======== DATA TO USE
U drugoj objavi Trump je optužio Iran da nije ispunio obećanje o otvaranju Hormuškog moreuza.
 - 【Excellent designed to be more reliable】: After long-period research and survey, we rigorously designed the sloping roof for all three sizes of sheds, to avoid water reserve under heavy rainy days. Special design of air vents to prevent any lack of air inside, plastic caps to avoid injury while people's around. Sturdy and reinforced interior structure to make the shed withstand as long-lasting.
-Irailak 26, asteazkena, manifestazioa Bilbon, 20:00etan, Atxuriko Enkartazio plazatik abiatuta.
================
======== DATA TO USE
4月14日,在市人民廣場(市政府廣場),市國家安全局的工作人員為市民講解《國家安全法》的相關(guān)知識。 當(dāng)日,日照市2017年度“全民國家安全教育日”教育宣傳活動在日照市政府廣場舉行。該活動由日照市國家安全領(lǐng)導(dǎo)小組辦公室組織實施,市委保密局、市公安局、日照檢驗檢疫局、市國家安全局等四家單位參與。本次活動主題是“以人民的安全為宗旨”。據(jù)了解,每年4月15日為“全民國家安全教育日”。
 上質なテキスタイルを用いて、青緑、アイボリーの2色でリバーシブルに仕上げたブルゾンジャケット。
================
======== DATA TO USE
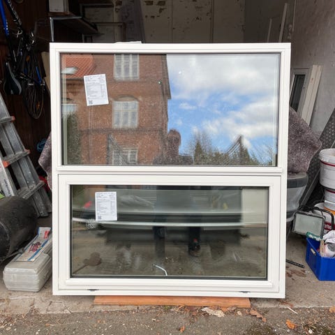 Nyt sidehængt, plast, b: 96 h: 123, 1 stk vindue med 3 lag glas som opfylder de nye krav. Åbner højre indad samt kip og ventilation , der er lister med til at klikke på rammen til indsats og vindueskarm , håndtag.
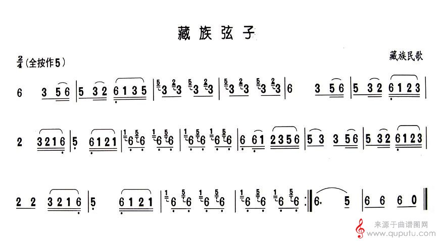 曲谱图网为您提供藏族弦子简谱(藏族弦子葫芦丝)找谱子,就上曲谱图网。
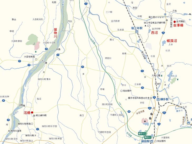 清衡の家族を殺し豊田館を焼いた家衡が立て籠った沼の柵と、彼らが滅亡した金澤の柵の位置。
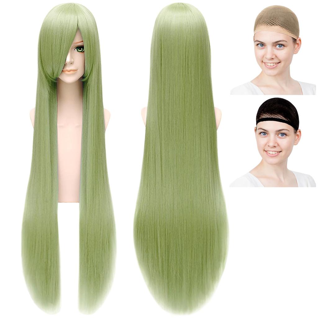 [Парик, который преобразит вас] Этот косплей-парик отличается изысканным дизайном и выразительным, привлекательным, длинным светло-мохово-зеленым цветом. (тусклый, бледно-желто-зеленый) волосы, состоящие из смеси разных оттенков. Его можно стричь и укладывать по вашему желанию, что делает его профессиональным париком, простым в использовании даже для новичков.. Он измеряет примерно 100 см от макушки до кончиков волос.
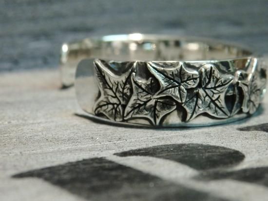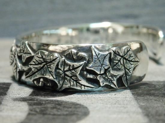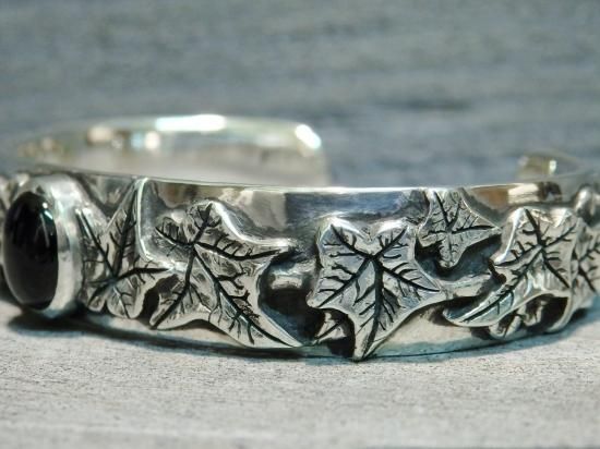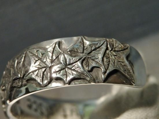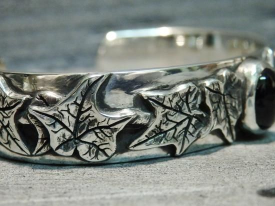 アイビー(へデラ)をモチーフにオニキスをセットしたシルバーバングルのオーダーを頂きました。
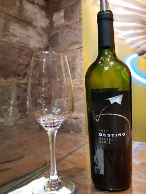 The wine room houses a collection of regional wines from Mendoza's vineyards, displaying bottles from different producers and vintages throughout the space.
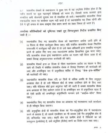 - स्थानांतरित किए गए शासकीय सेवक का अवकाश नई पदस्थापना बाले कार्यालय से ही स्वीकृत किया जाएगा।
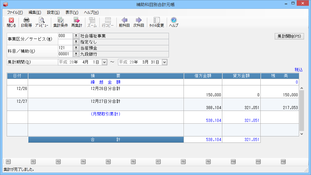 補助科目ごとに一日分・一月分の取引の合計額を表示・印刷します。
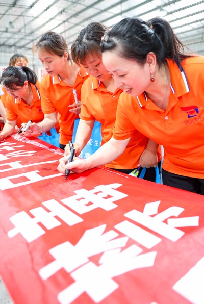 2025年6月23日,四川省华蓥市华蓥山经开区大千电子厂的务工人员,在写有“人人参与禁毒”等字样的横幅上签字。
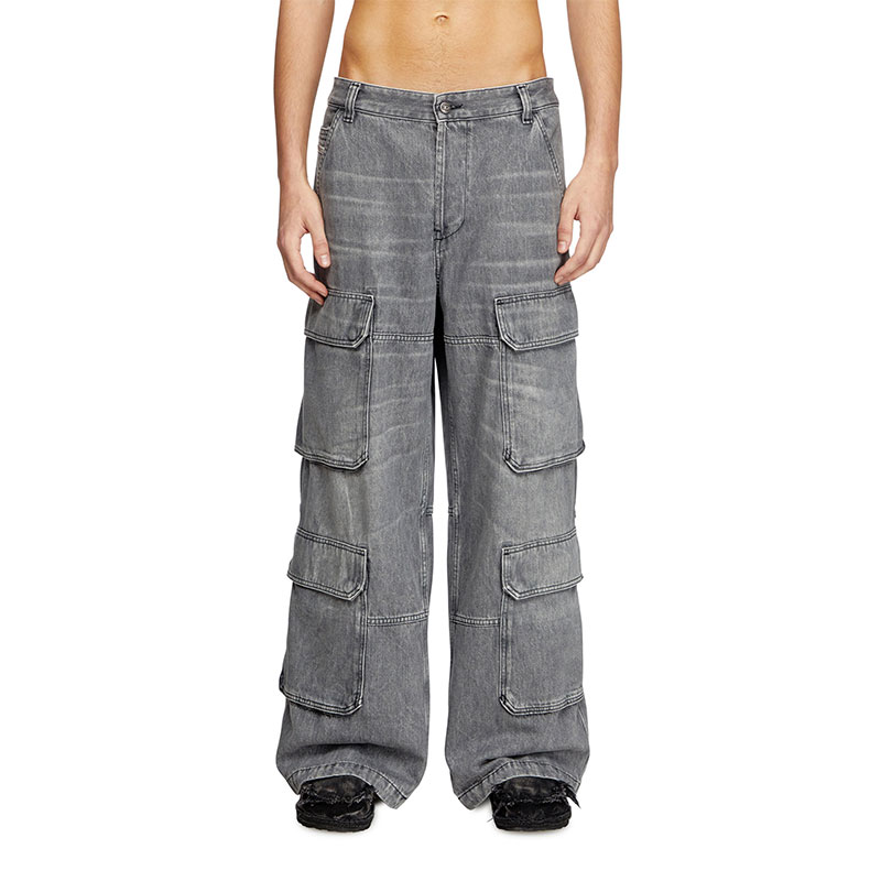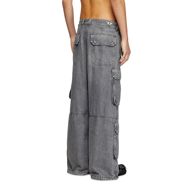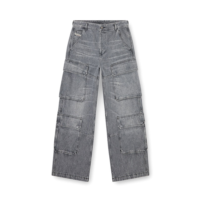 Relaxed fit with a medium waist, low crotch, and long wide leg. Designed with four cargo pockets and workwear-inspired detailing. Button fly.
================
- EXERCISE DESCRIPTION -
Set down again, exactly, every line above from the one with "The wine room" down to the one with "Relaxed fit with", both ends included. No pictures, and nothing else.

- EXERCISE RESPONSE -
 The wine room houses a collection of regional wines from Mendoza's vineyards, displaying bottles from different producers and vintages throughout the space.
 - स्थानांतरित किए गए शासकीय सेवक का अवकाश नई पदस्थापना बाले कार्यालय से ही स्वीकृत किया जाएगा।
 補助科目ごとに一日分・一月分の取引の合計額を表示・印刷します。
 2025年6月23日,四川省华蓥市华蓥山经开区大千电子厂的务工人员,在写有“人人参与禁毒”等字样的横幅上签字。
 Relaxed fit with a medium waist, low crotch, and long wide leg. Designed with four cargo pockets and workwear-inspired detailing. Button fly.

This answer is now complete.